(Data extracted from a collection)
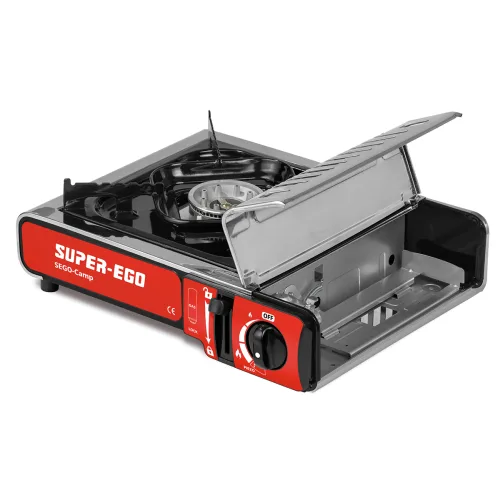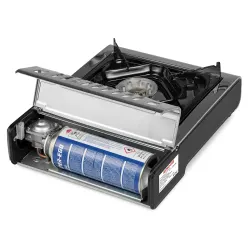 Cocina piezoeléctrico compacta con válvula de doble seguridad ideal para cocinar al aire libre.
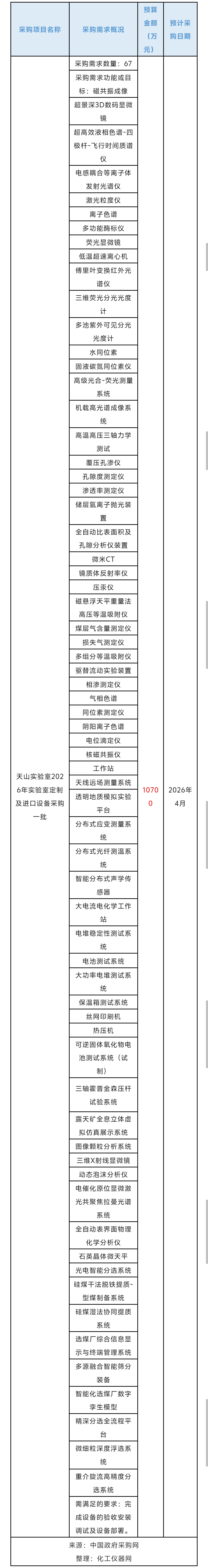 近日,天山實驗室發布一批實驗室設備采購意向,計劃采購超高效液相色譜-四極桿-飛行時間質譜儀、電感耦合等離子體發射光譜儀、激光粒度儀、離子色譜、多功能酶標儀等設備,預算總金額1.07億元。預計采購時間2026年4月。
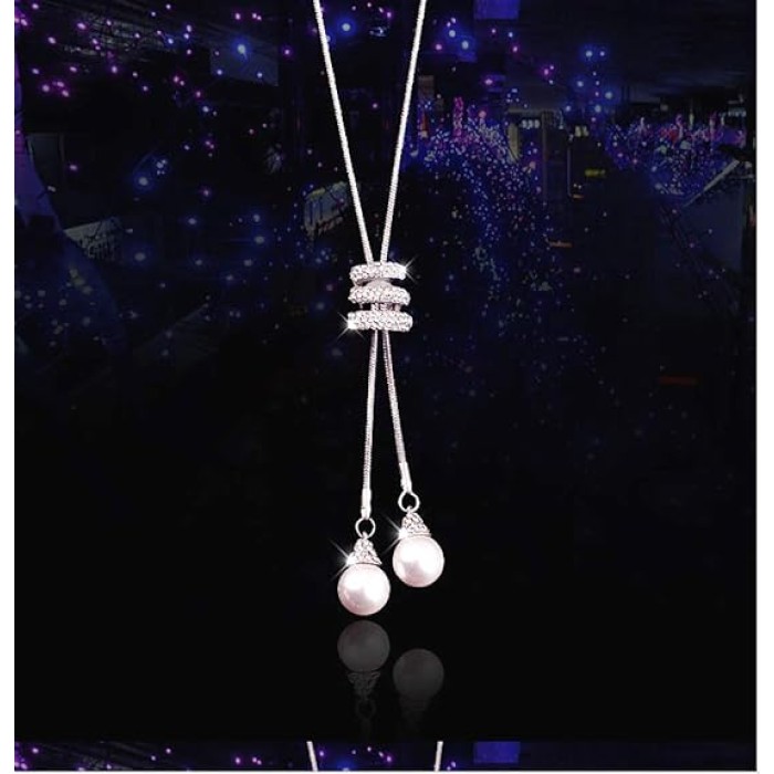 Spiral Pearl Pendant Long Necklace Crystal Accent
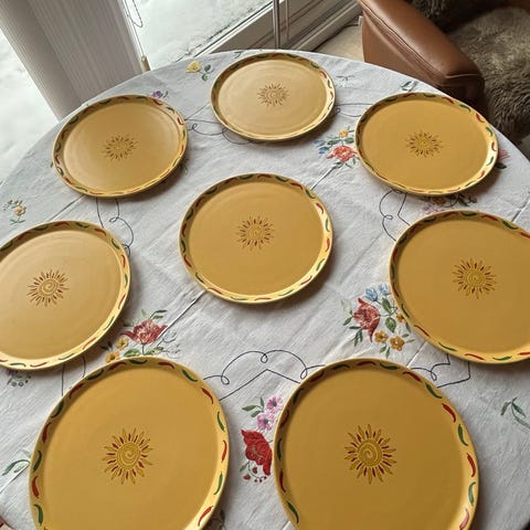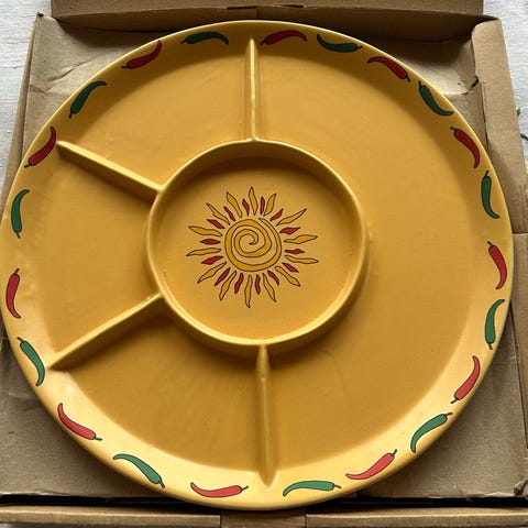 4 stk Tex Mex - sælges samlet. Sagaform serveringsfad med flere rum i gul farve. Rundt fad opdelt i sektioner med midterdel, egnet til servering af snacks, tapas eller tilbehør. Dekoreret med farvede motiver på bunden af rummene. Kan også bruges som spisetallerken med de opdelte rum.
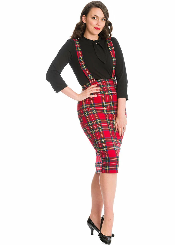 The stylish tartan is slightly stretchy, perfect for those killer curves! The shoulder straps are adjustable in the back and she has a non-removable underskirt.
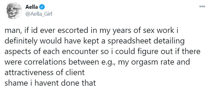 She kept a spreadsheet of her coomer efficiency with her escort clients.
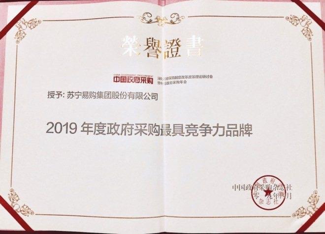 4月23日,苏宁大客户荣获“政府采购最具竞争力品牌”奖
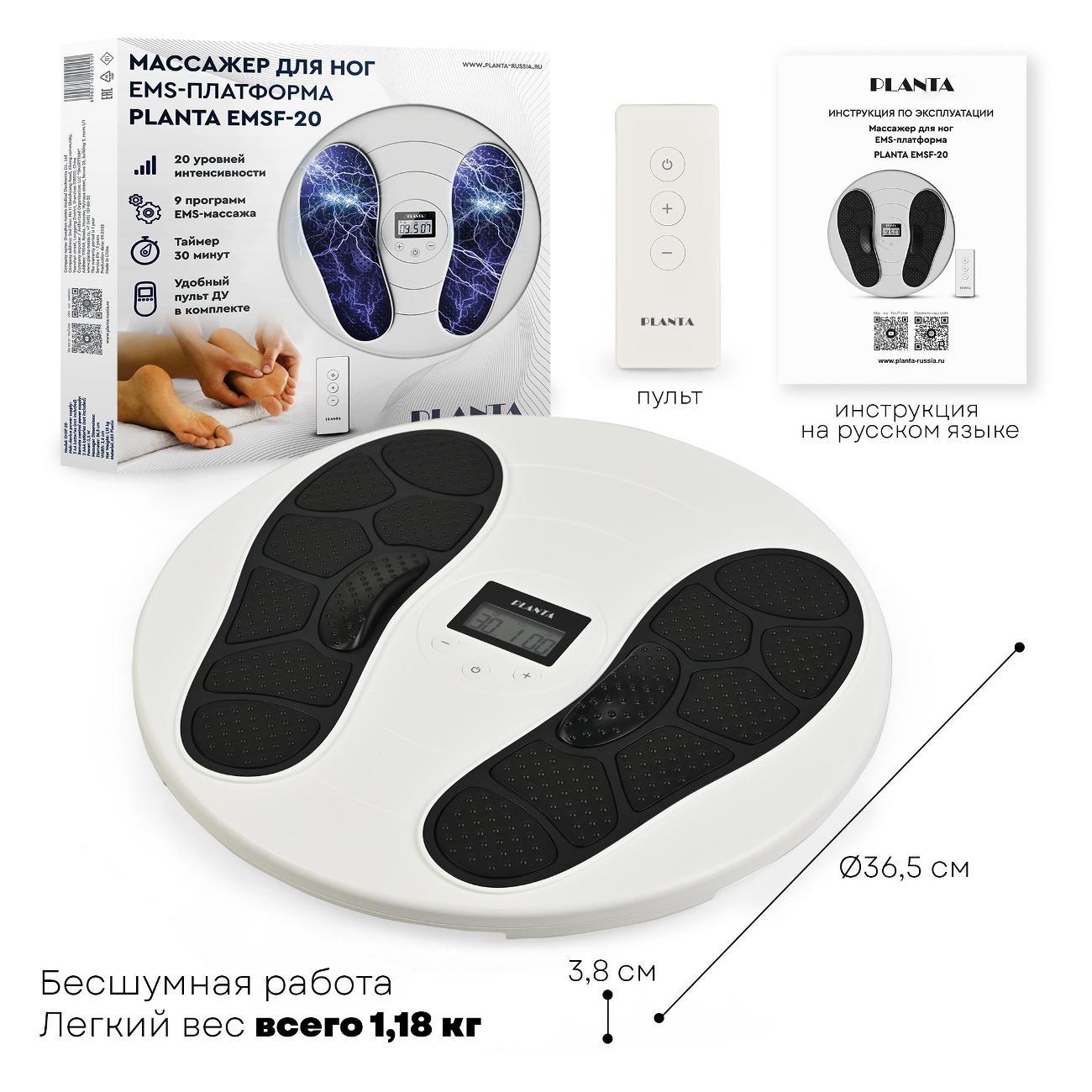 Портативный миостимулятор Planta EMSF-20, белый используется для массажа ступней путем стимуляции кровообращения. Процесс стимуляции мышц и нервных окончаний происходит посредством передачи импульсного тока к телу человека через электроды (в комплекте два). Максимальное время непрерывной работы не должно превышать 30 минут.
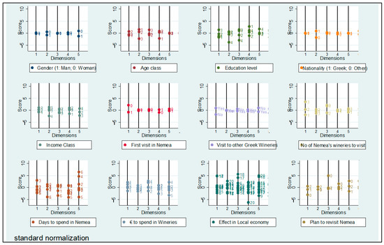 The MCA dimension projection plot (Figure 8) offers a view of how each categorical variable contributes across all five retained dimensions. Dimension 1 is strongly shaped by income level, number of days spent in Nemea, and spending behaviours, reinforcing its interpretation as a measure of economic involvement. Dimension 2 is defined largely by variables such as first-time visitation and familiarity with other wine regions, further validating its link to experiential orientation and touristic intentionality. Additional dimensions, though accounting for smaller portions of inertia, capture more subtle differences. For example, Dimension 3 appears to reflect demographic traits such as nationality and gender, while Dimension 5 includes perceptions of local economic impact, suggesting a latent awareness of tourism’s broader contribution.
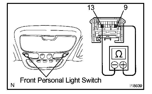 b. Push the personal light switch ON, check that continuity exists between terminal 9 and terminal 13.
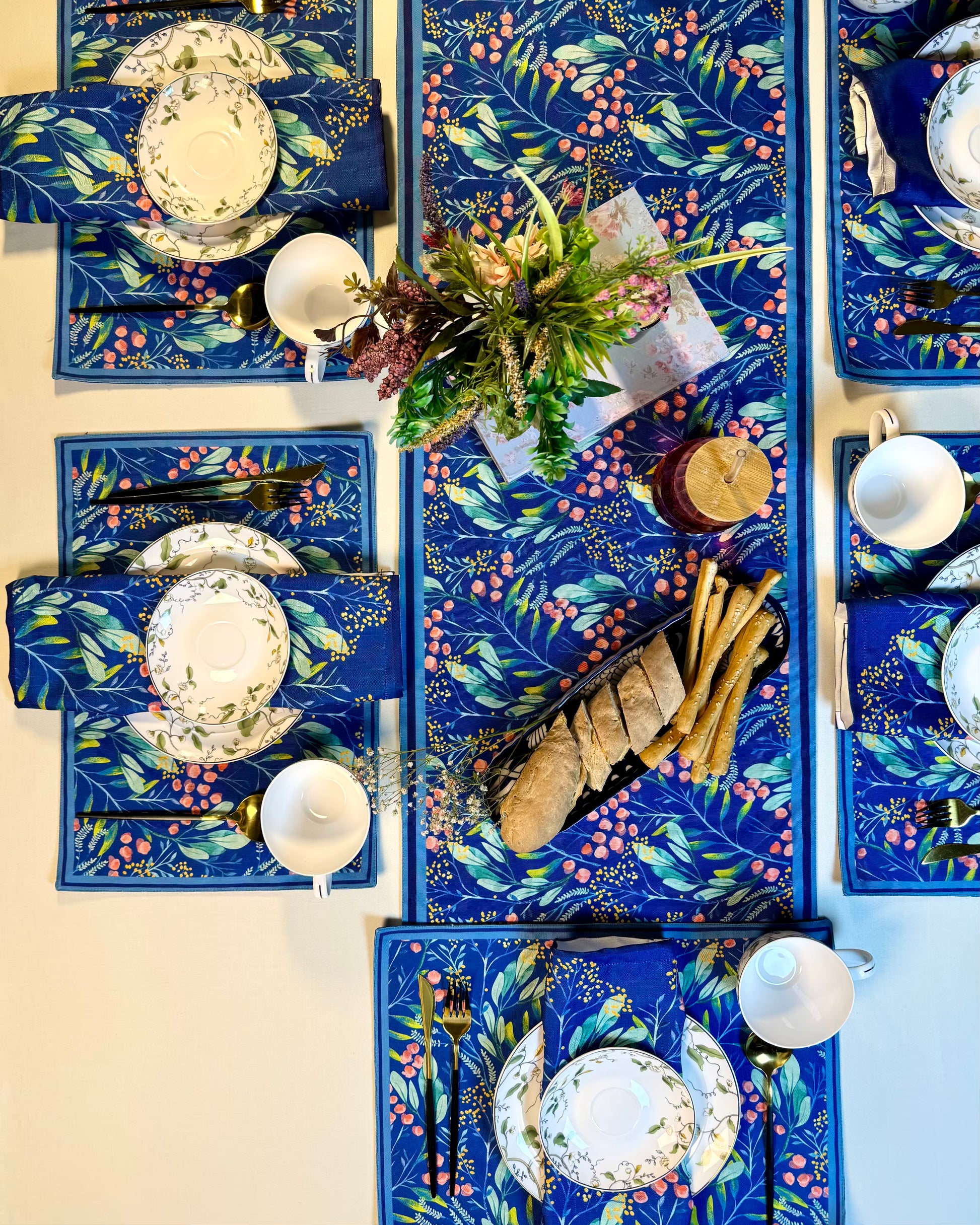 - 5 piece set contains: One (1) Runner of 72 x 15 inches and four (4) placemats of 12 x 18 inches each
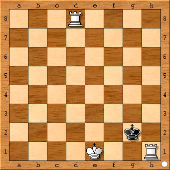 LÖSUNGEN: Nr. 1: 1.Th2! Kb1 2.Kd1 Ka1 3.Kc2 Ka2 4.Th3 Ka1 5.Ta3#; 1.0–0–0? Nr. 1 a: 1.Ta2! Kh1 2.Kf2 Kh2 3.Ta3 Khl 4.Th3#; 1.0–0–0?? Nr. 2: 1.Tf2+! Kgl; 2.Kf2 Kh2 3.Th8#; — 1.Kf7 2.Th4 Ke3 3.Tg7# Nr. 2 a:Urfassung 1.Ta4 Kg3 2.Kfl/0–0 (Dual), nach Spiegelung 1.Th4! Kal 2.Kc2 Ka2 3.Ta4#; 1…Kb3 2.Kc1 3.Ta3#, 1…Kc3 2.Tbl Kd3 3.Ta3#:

• WORK REQUEST: Using the entries above, reproduce word for word only the lines from the one that contains "4 stk Tex Mex" to the one that contains "The MCA dimension", both ends included, and drop every picture.

• EXPECTED ANSWER:
 4 stk Tex Mex - sælges samlet. Sagaform serveringsfad med flere rum i gul farve. Rundt fad opdelt i sektioner med midterdel, egnet til servering af snacks, tapas eller tilbehør. Dekoreret med farvede motiver på bunden af rummene. Kan også bruges som spisetallerken med de opdelte rum.
 The stylish tartan is slightly stretchy, perfect for those killer curves! The shoulder straps are adjustable in the back and she has a non-removable underskirt.
 She kept a spreadsheet of her coomer efficiency with her escort clients.
 4月23日,苏宁大客户荣获“政府采购最具竞争力品牌”奖
 Портативный миостимулятор Planta EMSF-20, белый используется для массажа ступней путем стимуляции кровообращения. Процесс стимуляции мышц и нервных окончаний происходит посредством передачи импульсного тока к телу человека через электроды (в комплекте два). Максимальное время непрерывной работы не должно превышать 30 минут.
 The MCA dimension projection plot (Figure 8) offers a view of how each categorical variable contributes across all five retained dimensions. Dimension 1 is strongly shaped by income level, number of days spent in Nemea, and spending behaviours, reinforcing its interpretation as a measure of economic involvement. Dimension 2 is defined largely by variables such as first-time visitation and familiarity with other wine regions, further validating its link to experiential orientation and touristic intentionality. Additional dimensions, though accounting for smaller portions of inertia, capture more subtle differences. For example, Dimension 3 appears to reflect demographic traits such as nationality and gender, while Dimension 5 includes perceptions of local economic impact, suggesting a latent awareness of tourism’s broader contribution.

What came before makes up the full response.